More majordomo info at  http://vger.kernel.org/majordomo-info.html
Please read the FAQ at  http://www.tux.org/lkml/

 
 
 

Info: NAPI performance at "low" loads

Post by David S. Mille » Thu, 19 Sep 2002 06:20:06



   Date: Tue, 17 Sep 2002 21:53:03 +0200

   Receiver:
     $ loadtest

This appears to be x86 only, sorry I can't test this out for you as
all my boxes are sparc64.

I was actually eager to try your tests out here.

Do you really need to use x86 instructions to do what you
are doing?  There are portable pthread mutexes available.
-
To unsubscribe from this list: send the line "unsubscribe linux-kernel" in

More majordomo info at  http://vger.kernel.org/majordomo-info.html
Please read the FAQ at  http://www.tux.org/lkml/

 
 
 

Info: NAPI performance at "low" loads

Post by Andrew Morto » Thu, 19 Sep 2002 06:40:07




>    Date: Tue, 17 Sep 2002 21:53:03 +0200

>    Receiver:
>      $ loadtest

> This appears to be x86 only, sorry I can't test this out for you as
> all my boxes are sparc64.

> I was actually eager to try your tests out here.

> Do you really need to use x86 instructions to do what you
> are doing?  There are portable pthread mutexes available.

There is a similar background loadtester at
http://www.zip.com.au/~akpm/linux/#zc .

It's fairly fancy - I wrote it for measuring networking
efficiency.  It doesn't seem to have any PCisms....

(I measured similar regression using an ancient NAPIfied
3c59x a long time ago).
-
To unsubscribe from this list: send the line "unsubscribe linux-kernel" in

More majordomo info at  http://vger.kernel.org/majordomo-info.html
Please read the FAQ at  http://www.tux.org/lkml/

 
 
 

Info: NAPI performance at "low" loads

Post by David S. Mille » Thu, 19 Sep 2002 06:40:09



   Date: Tue, 17 Sep 2002 14:32:09 -0700

   There is a similar background loadtester at
   http://www.zip.com.au/~akpm/linux/#zc .

   It's fairly fancy - I wrote it for measuring networking
   efficiency.  It doesn't seem to have any PCisms....

Thanks I'll check it out, but meanwhile I hacked up sparc
specific assembler for manfred's code :-)

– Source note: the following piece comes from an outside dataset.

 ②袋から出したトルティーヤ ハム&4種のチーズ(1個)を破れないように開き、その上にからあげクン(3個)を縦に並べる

   (I measured similar regression using an ancient NAPIfied
   3c59x a long time ago).

Well, it is due to the same problems manfred saw initially,
namely just a crappy or buggy NAPI driver implementation. :-)
-
To unsubscribe from this list: send the line "unsubscribe linux-kernel" in

More majordomo info at  http://vger.kernel.org/majordomo-info.html
Please read the FAQ at  http://www.tux.org/lkml/

 
 
 

Info: NAPI performance at "low" loads

Post by Andrew Morto » Thu, 19 Sep 2002 06:50:07




>    Date: Tue, 17 Sep 2002 14:32:09 -0700

>    There is a similar background loadtester at
>    http://www.zip.com.au/~akpm/linux/#zc .

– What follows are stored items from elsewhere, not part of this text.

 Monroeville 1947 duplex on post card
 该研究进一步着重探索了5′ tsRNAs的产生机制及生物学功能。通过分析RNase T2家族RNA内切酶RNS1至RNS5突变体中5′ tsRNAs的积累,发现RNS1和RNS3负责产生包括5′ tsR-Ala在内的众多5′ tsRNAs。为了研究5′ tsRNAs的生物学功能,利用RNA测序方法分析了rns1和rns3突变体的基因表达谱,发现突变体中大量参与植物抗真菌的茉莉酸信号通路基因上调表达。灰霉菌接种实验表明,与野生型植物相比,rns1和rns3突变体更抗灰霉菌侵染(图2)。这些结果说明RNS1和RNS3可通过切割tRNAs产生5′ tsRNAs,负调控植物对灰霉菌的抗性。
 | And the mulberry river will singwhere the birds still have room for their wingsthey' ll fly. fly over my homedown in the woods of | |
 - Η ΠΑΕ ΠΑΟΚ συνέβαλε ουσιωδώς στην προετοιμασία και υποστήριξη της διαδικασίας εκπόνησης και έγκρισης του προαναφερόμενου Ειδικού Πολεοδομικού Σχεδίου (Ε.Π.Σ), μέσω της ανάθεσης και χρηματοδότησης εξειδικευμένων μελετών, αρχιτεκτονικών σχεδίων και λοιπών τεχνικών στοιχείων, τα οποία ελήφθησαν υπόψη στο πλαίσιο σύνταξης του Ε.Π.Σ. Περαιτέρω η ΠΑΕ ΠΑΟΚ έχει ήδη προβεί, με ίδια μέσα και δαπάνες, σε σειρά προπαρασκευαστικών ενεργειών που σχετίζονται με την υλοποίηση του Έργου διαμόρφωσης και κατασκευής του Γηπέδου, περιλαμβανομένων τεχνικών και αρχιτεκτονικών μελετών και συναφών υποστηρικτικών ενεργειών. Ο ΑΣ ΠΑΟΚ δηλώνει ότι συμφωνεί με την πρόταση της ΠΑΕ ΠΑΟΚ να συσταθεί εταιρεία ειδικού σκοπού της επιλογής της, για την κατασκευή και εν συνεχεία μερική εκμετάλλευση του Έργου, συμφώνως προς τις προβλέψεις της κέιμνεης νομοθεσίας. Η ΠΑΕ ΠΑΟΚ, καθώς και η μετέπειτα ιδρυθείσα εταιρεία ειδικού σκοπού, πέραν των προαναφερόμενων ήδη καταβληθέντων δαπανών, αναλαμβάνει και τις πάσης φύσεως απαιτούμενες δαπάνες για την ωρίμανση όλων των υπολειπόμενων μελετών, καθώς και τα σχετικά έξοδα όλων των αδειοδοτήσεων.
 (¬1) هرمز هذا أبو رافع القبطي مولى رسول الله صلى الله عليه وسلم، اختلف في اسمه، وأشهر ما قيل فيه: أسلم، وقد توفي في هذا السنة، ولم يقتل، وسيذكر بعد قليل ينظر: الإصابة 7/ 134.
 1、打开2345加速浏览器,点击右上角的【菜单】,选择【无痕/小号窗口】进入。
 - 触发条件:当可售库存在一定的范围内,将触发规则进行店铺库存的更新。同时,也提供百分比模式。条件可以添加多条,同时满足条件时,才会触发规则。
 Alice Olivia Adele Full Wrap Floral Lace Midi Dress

>    It's fairly fancy - I wrote it for measuring networking
>    efficiency.  It doesn't seem to have any PCisms....

> Thanks I'll check it out, but meanwhile I hacked up sparc
> specific assembler for manfred's code :-)

>    (I measured similar regression using an ancient NAPIfied
>    3c59x a long time ago).

> Well, it is due to the same problems manfred saw initially,
> namely just a crappy or buggy NAPI driver implementation. :-)

It was due to additional inl()'s and outl()'s in the driver fastpath.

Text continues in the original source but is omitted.